STOCK RECOMMENDATIONS

ADITYA BIRLA FASHION AND RETAIL ....... BUY .......CMP Rs 174.40

BSE Code : 535755
Target 1 : Rs 192
Target 2 : Rs 200
Stoploss : Rs 163 (CLS)

ABFRL is India’s leading manufacturing and retail branded fashion apparel company with top international fashion brands for men, women and kids. The stock price plunged sharply from a high of Rs 285.50 in February 2020 to a low of Rs 97 in May 2020. And, thereafter, following the entire upward movement from the low of Rs 97 in May 2020, it has been trading in a rising channel. The stock is trading above the 10-SMA, 20-EMA and 30-EMA moving averages, meeting the Dave Landry’s bow-tie setup. Elder’s impulse trading system is also giving a bullish signal in the stock. Along with this the upper Bollinger Band has started to expand, which is positive for the stock. The daily and weekly MACD is bullish as it stays above the signal line. Interestingly, the MACD histogram indicates that the bullish momentum is picking up. The RSI on the weekly chart after having taken support around its nine-period average is in a bullish zone and has marked a new swing high. On the daily chart as well, the RSI has seen a super bullish range shift and is in a rising trajectory. The +DMI is improving and much above the –DMI. Further, the +DMI is in a rising trajectory along with the ADX while the –DMI is sliding down, which is positive for the stock. Considering the above, we believe the stock has the potential to test levels of Rs 192 followed by Rs 200 in the medium term. We would advise to maintain a stop loss of Rs 163 on a closing basis.

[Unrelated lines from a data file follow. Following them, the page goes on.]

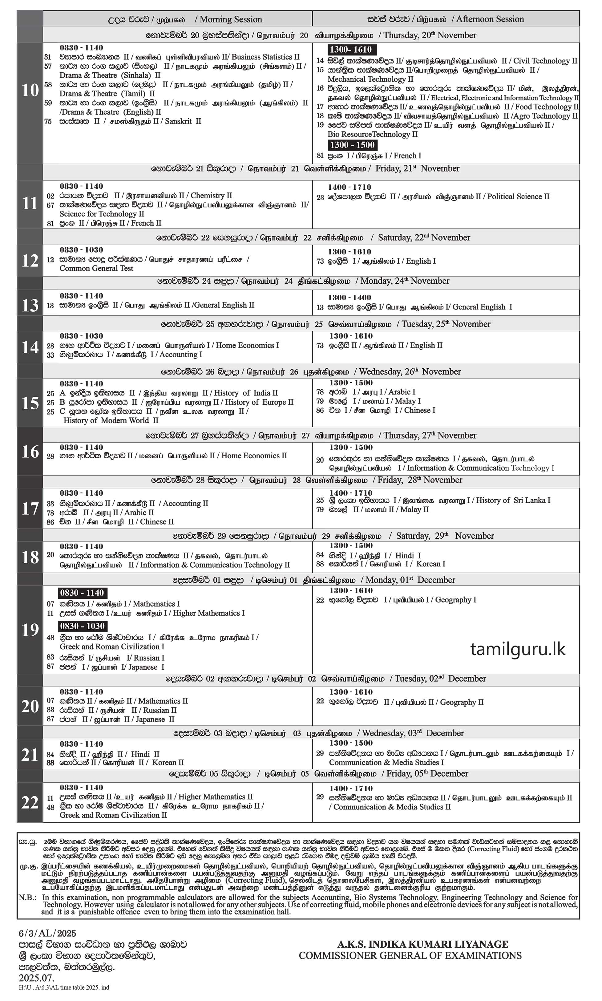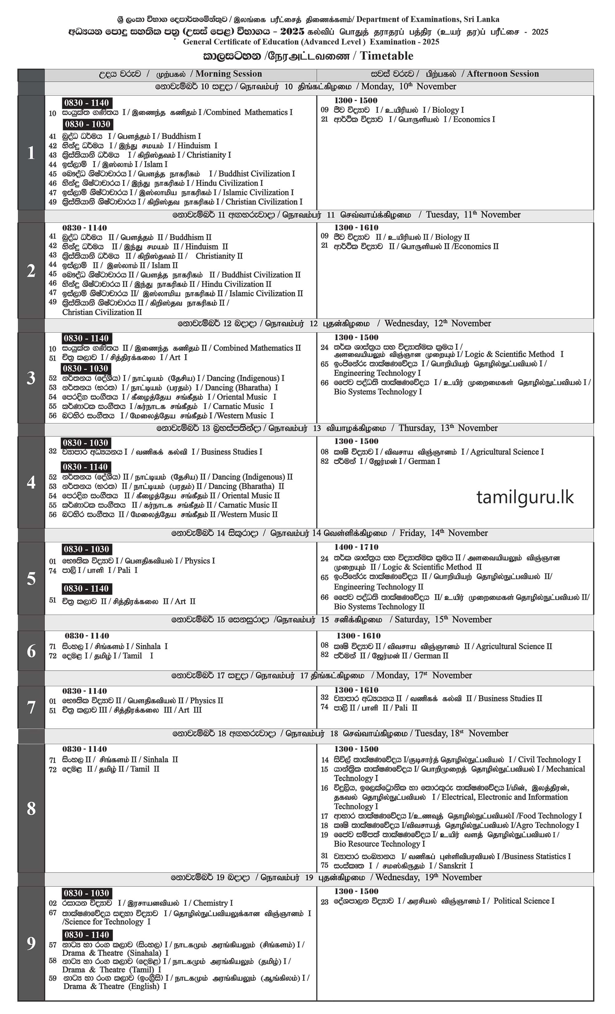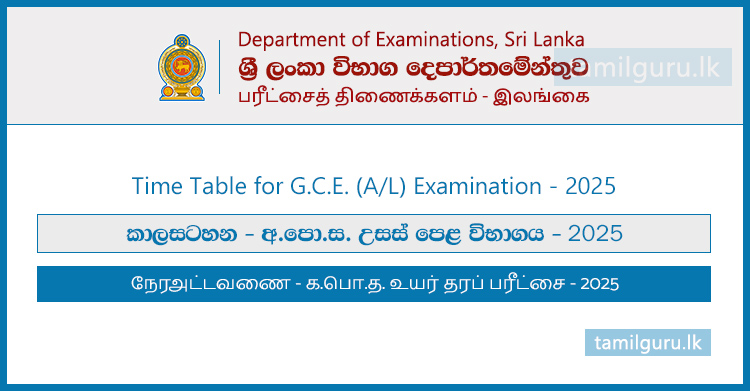 The Department of Examinations has released the Time Table of the GCE A/L Examination 2025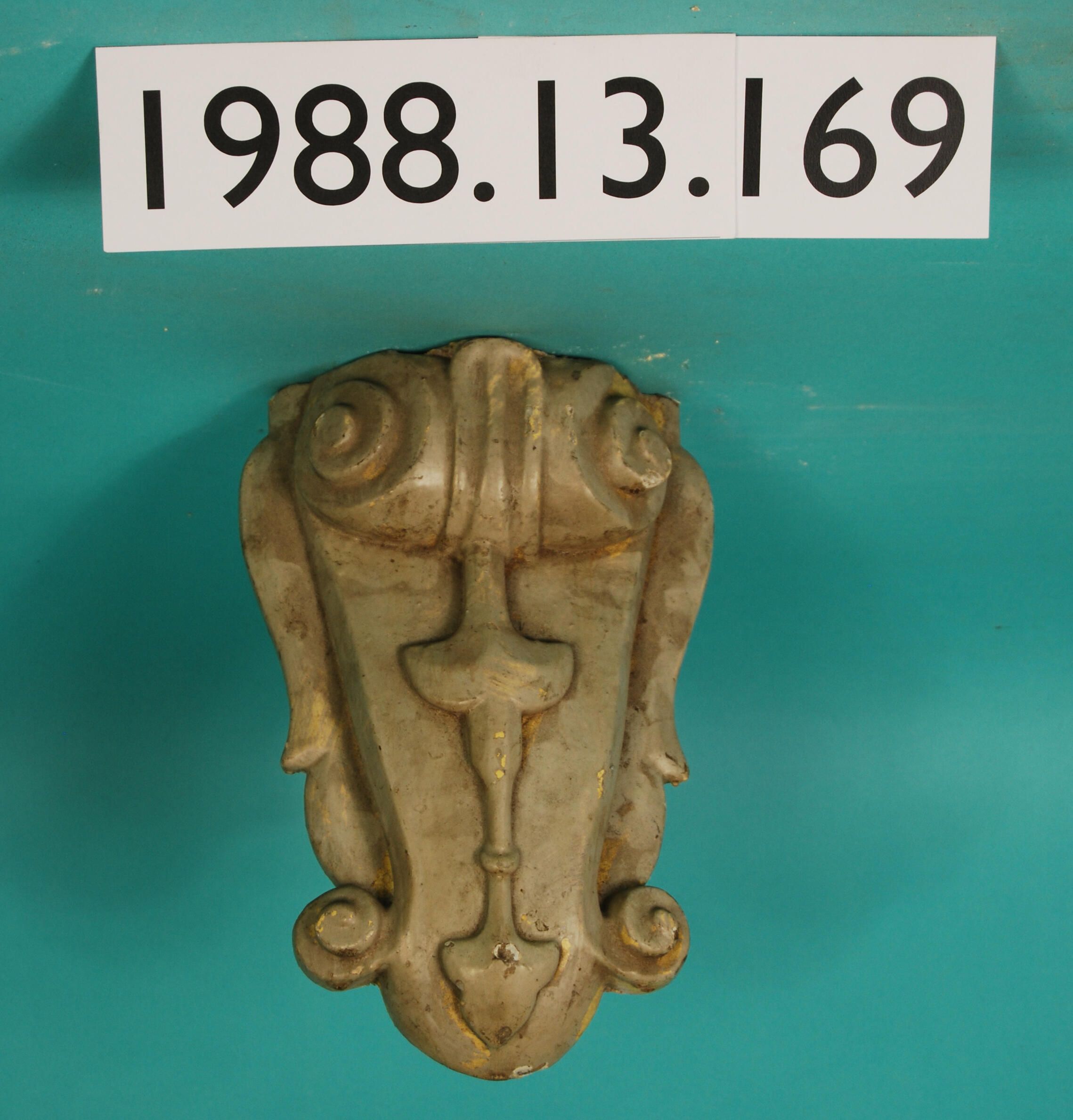 Carved white marble fireplace mantle keystone. Scroll motif. Multiple coats of paint. Outwardly gray.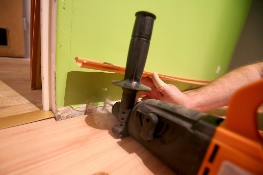 Смотрю и очищаю все углы, внутренние и наружные, чтобы не было мусора и других помех, места установки заглушки тоже очищаю. Различные неровности на стене, где будет устанавливаться плинтус, удаляю с помощью молотка и стамески.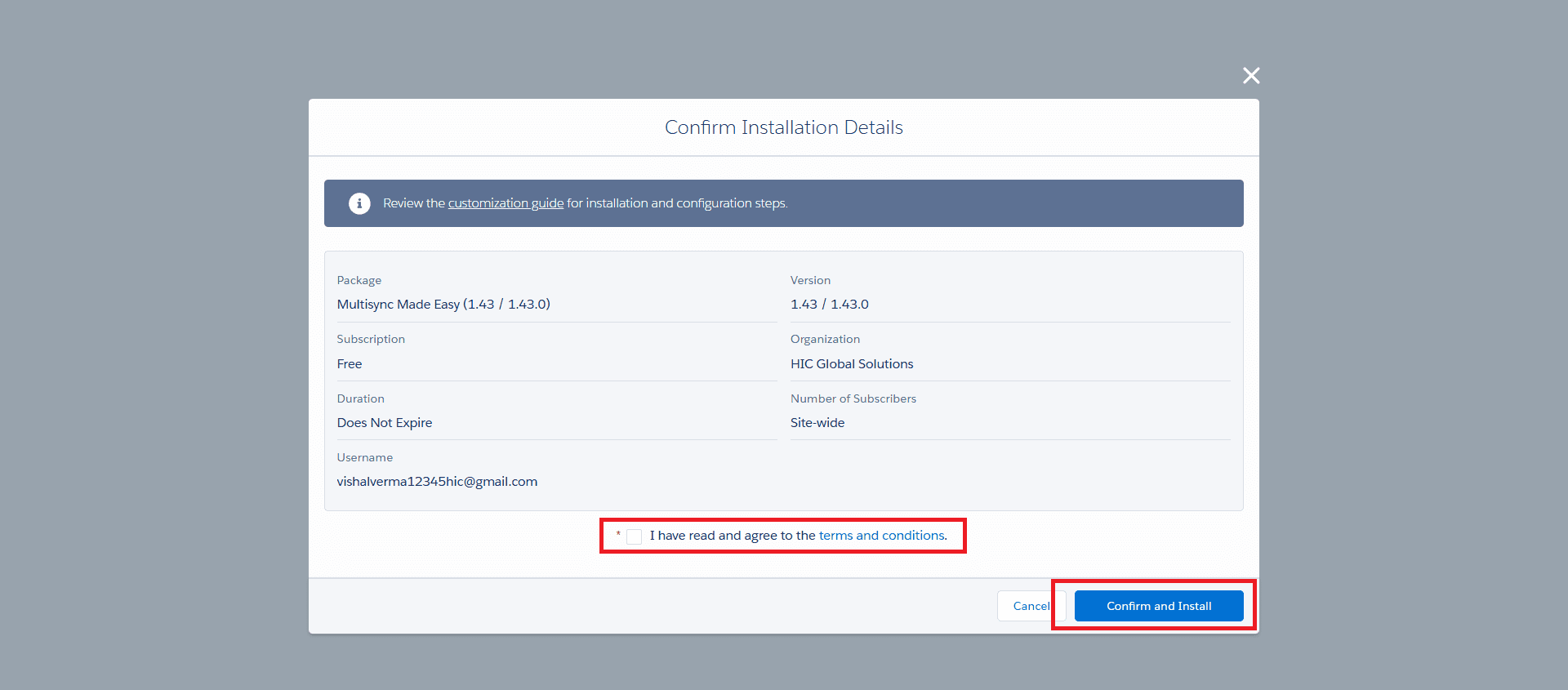 Step 6. You will be redirected to the Confirm Installation Details Page.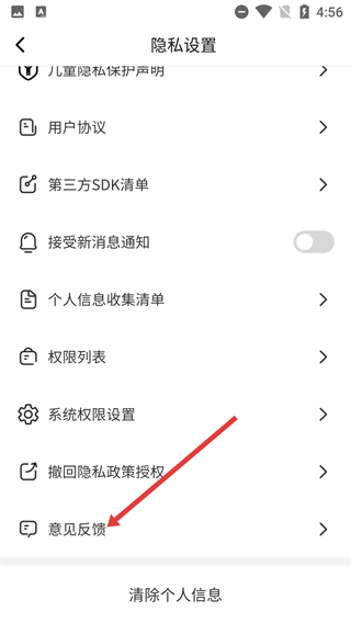 3、在【隐私设置】页面里,能查看【儿童隐私保护声明】和【第三方SDK清单】,点击【意见反馈】即可进入反馈提交界面。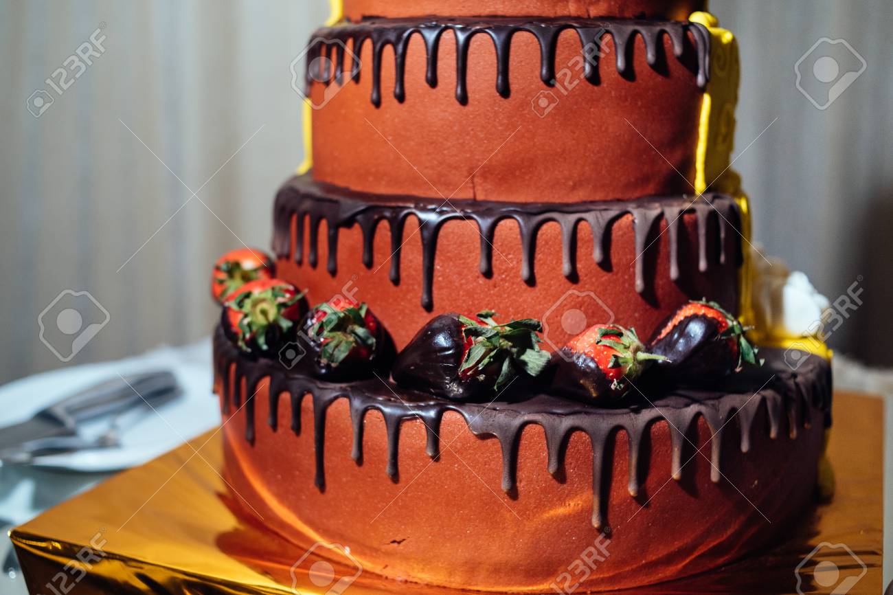 Round Multi Tiered Yellow And Brown Wedding Cake With Strawberries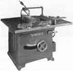 BANCO DE ASERRAR CON EJE BASCULANTE. Características: Tamaño de la mesa principal en una pieza, 109 x 114 cm.; puede extenderse para dados o sufrideras de 10 cm. Capacidad de corte al hilo, 71 cm.; de corte transversal, con escantillones. 76 cm. Eje de sierra, 2,5 cm. de diámetro; hoja mayor posible, 51 cm. de diámetro. Una defensa automática de materia plástica cubro la sierra. Motor del banco, 5 c. f. Se suministra un disco de 41 cm. de diámetro, sea para corte al hilo o transversal. Peso neto, 726 Kg. Hay otros accesorios disponibles.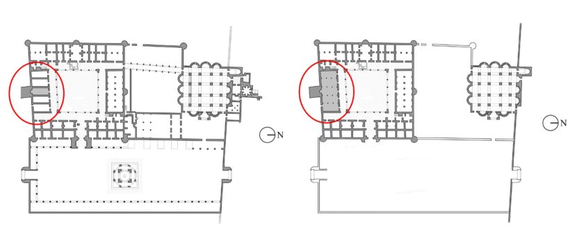 2 ب – كيف يمكنك ان تشرح هذا التعديل مع العلم بالتغييرات للوظائف الديبلوماسية والدينية لهذا القسم من القصر خلال الزمن (راجع النص أعلاه)؟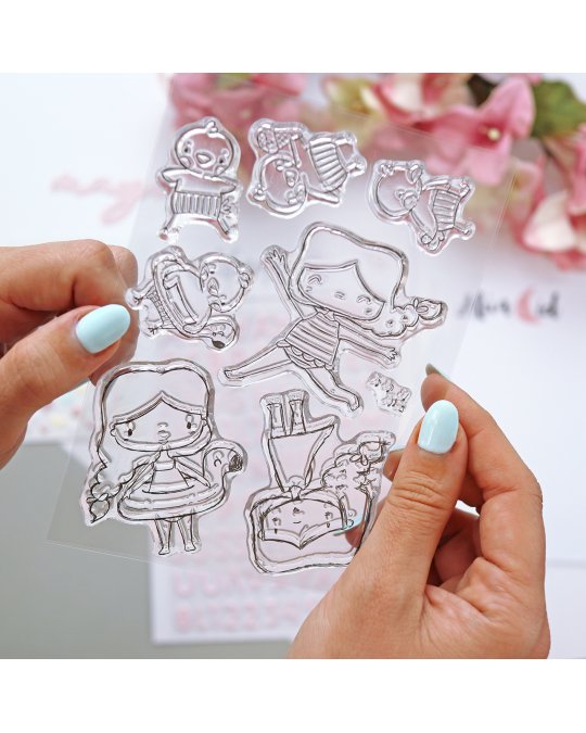 Collection Libertad - Alúa Cid Planche de 8 tampons clear en polymère de haute qualité. Fabriqué en Europe. Taille des personnages 4 à 6,5cm Format A6 (10x15cm)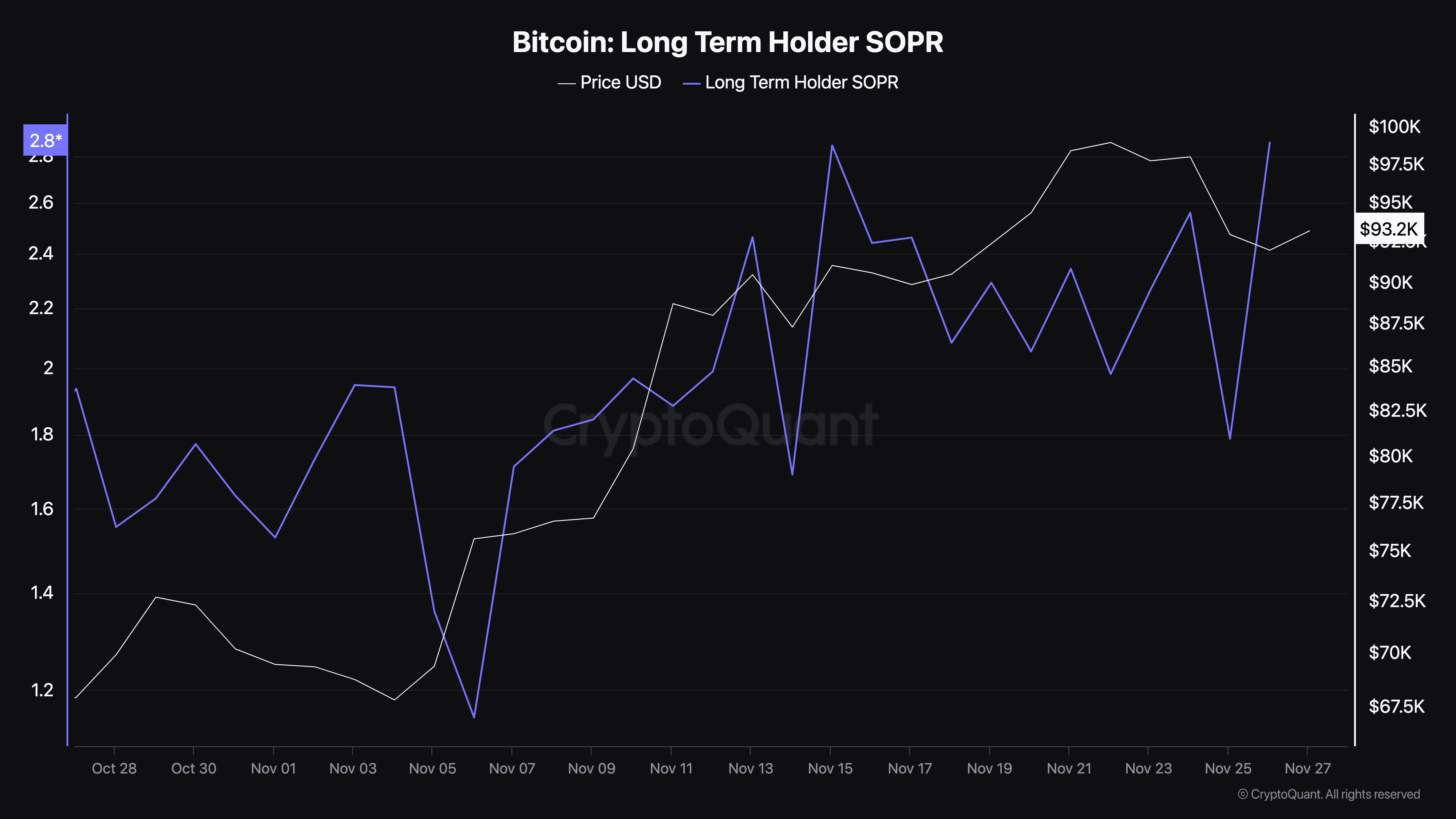 CryptoQuantin mukaan Bitcoinin pitkäaikainen voittojen tuottosuhde on noussut 2,86:een. Suhde mittaa pitkäaikaisten sijoittajien toimintaa, jotka ovat pitäneet kolikkoa yli 155 päivää.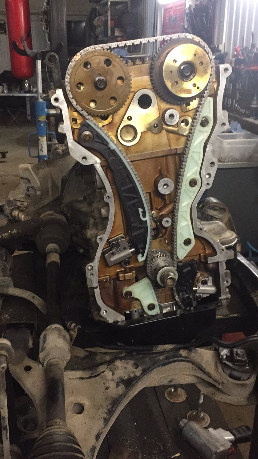 Выкинули блок балансирных валов и вместо него был установлен масляный насос от спортейджа и поддон другой формы и поменьше объемом. Цепи, башмаки, натяжители, установили все новое.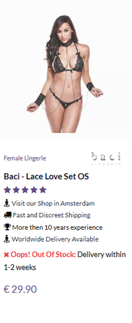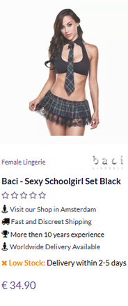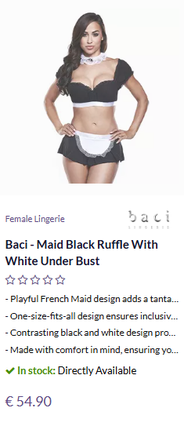 With the Baci Dream Collection you can bring yours and your partners naughtiest dreams to live. The large assortiment Baci has to offer gives you lots of upportunities to continuely switch between different characters and sexy sensual looks. From now on you will be cleaning your house wearing a sexy maid outfit and you enjoy your nights wearing a kinky monokini with cuffs and a blindfold. For every mood Hot Stuff has a Baci lingerie set that will fit your needs.
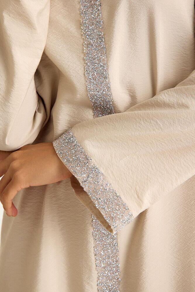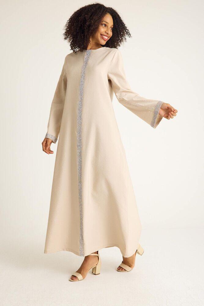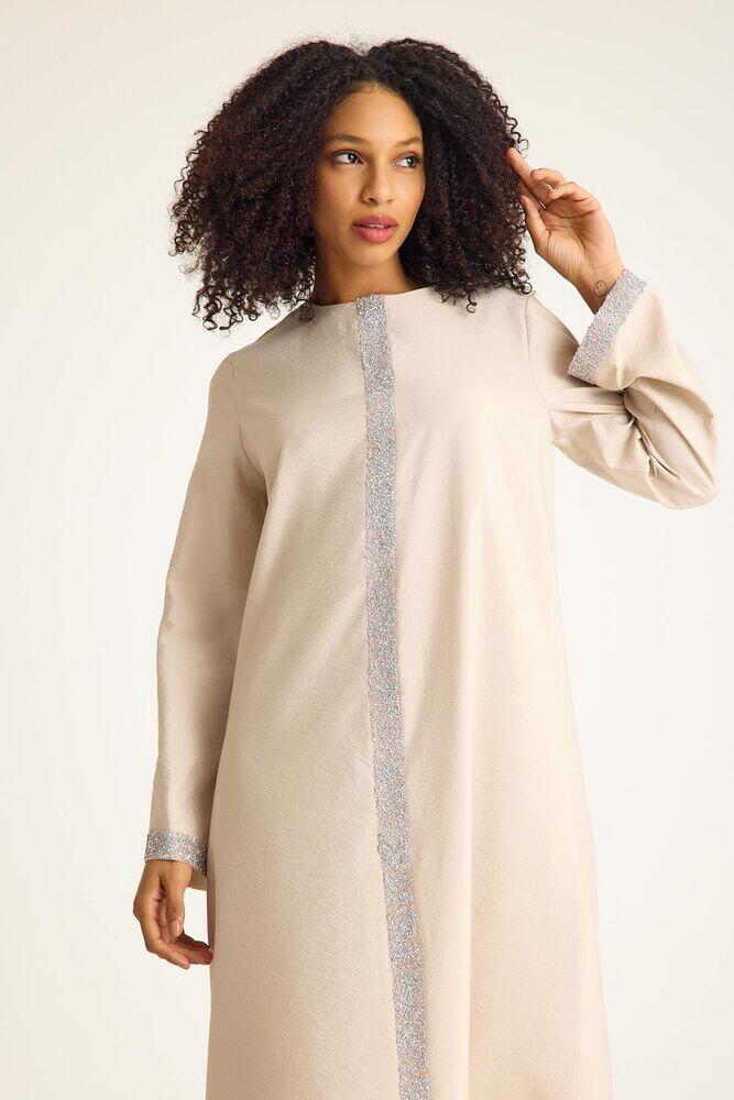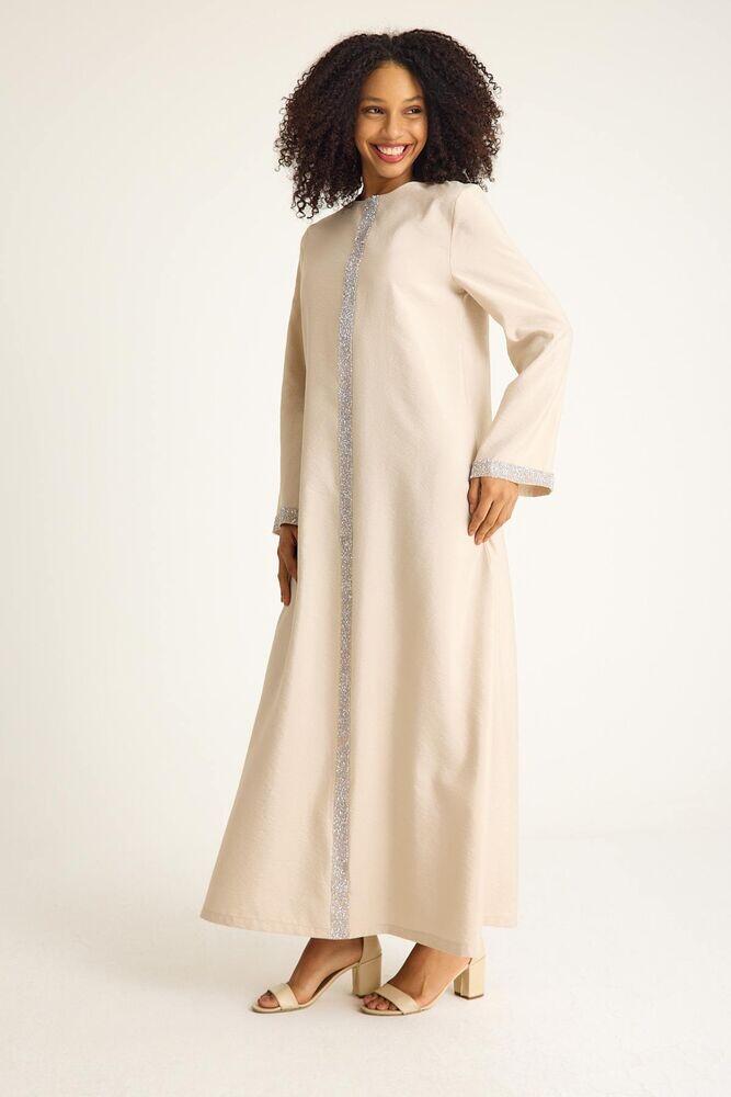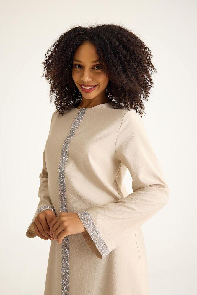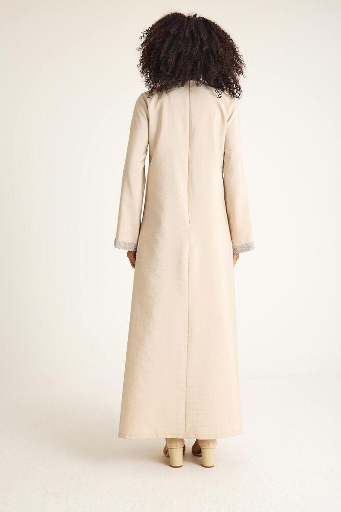 Taş Detaylı Abaya Tesettür Ferace Elbise - Bej - FSC3137

BOSCH ........... BUY ......... CMP Rs 14,626.10

BSE Code : 500530
Target 1 : Rs 15,820
Target 2 :  Rs 17,260
Stoploss : Rs 13,600 (CLS)

In India, Bosch is a leading supplier of technology and services in the areas of mobility solutions, industrial technology, consumer goods, and energy and building technology. Additionally, Bosch has, in India, the largest development centre outside Germany for end-to-end engineering and technology solutions. The stock has recently broken out of nearly six months’ long consolidation along with decent volumes. It is trading above all the short and long-term moving averages. The stock is trading at 21.33 per cent above the 200-DMA and 14.74 per cent above the 50-DMA. All the moving averages are trending upside and they are in sequence. Among the oscillators, the weekly 14-period RSI is in a bullish zone and is seen rebounding, taking support at its nine-period average. On the daily chart the RSI is above the prior swing highs, which bodes well for the bullish momentum. The MACD is above the signal line which is positive for the stock and at the same time the histogram indicates that the bullish momentum is picking up. The stock is clearly in an uptrend and the trend strength is strong. The Average Directional Index (ADX), which shows trend strength, is as high as 25.74 on the daily chart. Generally, above the 25 level is considered as a strong trend. The +DMI is above the –DMI, which is a bullish sign. All in all, the bullish momentum is likely to continue in the stock and in the near term it may head towards the level of Rs 15,820 followed by Rs 17,260 in the medium term. The stop loss for the trade would be around Rs 13,600 on a closing basis.

(Closing price as of Jan 12, 2021)
Disclaimer : Above recommendations are based on various technical parameters and any fundamental input has not been considered for the recommendations. Follow strict stop loss for the recommendation.